Task requirements → From the line containing "2049 Five Various" to the line containing "[一R]夫子庙:坐落在秦淮河" in the entries below, reproduce every line exactly, ends included. Nothing else belongs in the copy, and no pictures.

Data records →
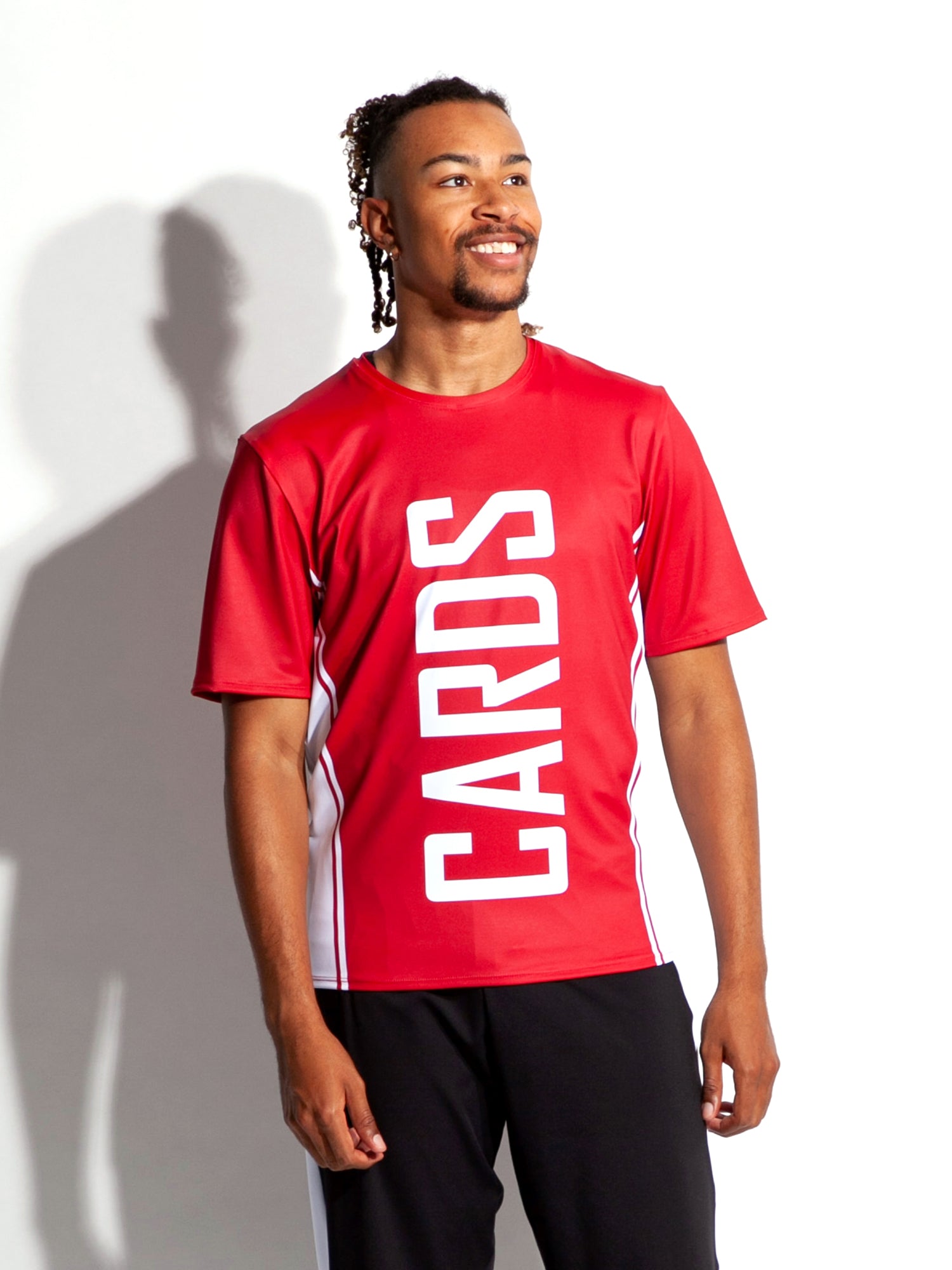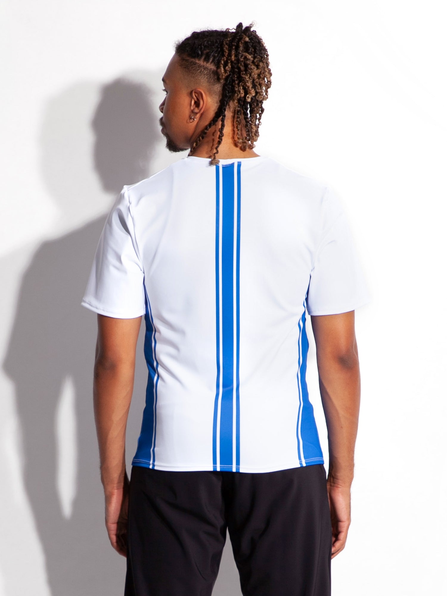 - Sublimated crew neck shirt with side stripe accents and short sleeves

--

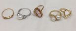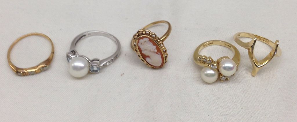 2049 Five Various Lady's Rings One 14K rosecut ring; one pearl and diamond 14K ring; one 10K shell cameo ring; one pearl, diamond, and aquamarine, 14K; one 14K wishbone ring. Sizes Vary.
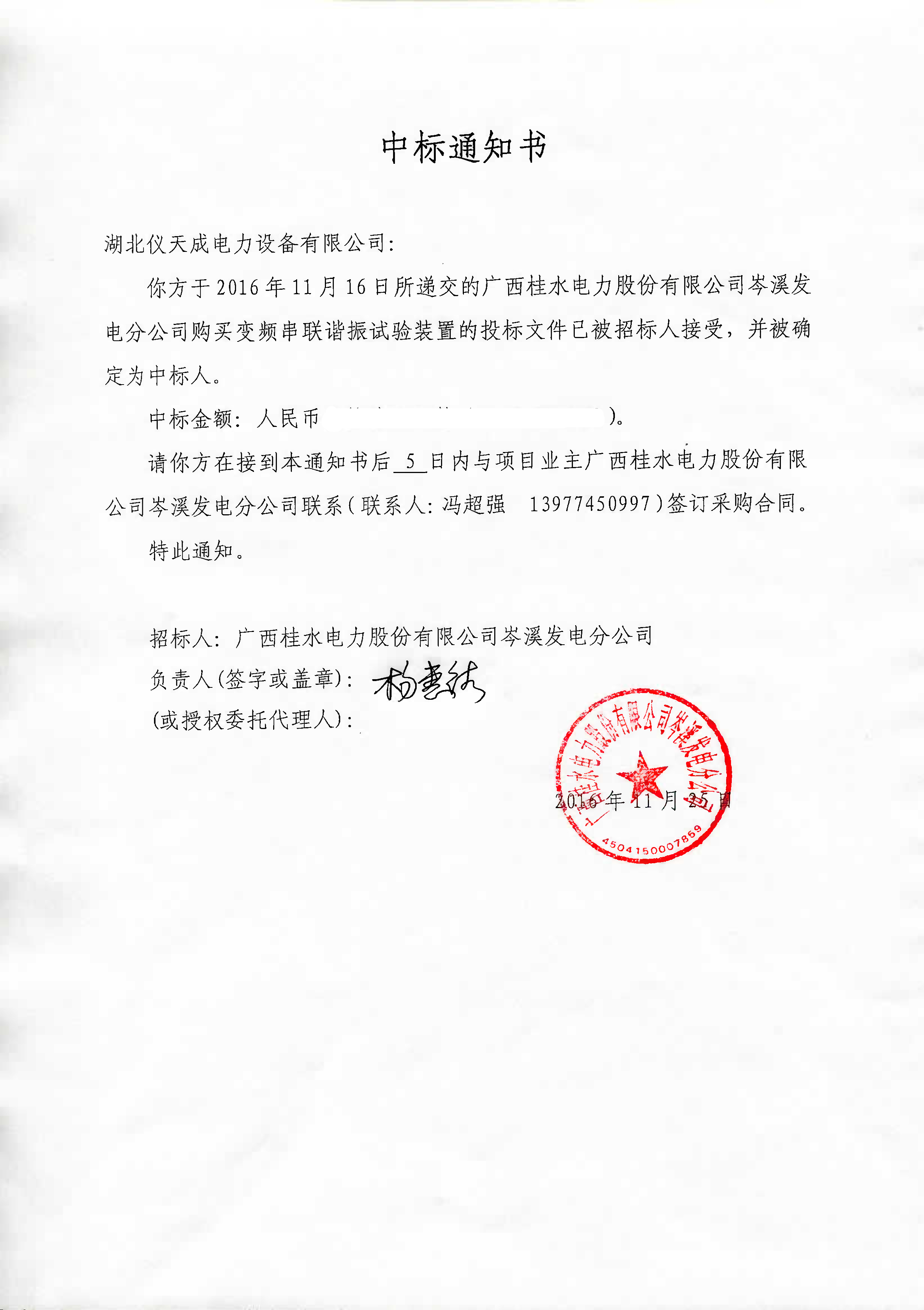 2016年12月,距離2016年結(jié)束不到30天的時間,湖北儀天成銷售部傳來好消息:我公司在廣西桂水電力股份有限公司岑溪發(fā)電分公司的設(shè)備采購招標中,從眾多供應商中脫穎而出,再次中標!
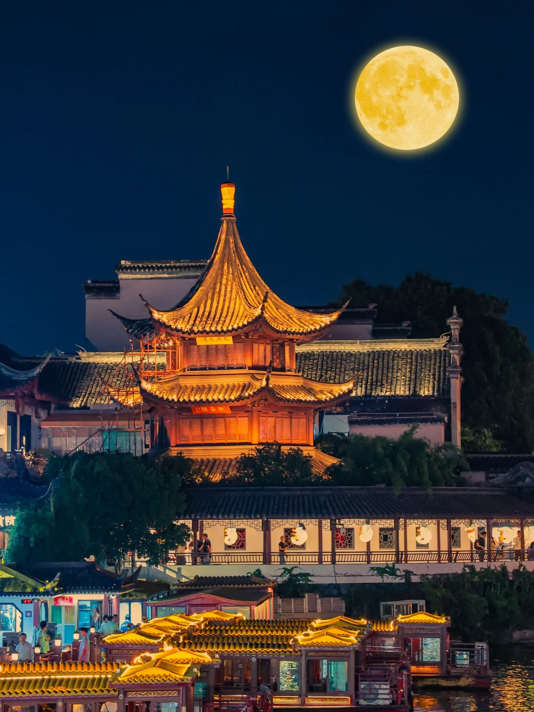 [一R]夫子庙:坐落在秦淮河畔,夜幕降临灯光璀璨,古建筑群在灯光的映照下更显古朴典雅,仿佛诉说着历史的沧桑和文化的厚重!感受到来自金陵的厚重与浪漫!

Result of this exercise →
 2049 Five Various Lady's Rings One 14K rosecut ring; one pearl and diamond 14K ring; one 10K shell cameo ring; one pearl, diamond, and aquamarine, 14K; one 14K wishbone ring. Sizes Vary.
 2016年12月,距離2016年結(jié)束不到30天的時間,湖北儀天成銷售部傳來好消息:我公司在廣西桂水電力股份有限公司岑溪發(fā)電分公司的設(shè)備采購招標中,從眾多供應商中脫穎而出,再次中標!
 [一R]夫子庙:坐落在秦淮河畔,夜幕降临灯光璀璨,古建筑群在灯光的映照下更显古朴典雅,仿佛诉说着历史的沧桑和文化的厚重!感受到来自金陵的厚重与浪漫!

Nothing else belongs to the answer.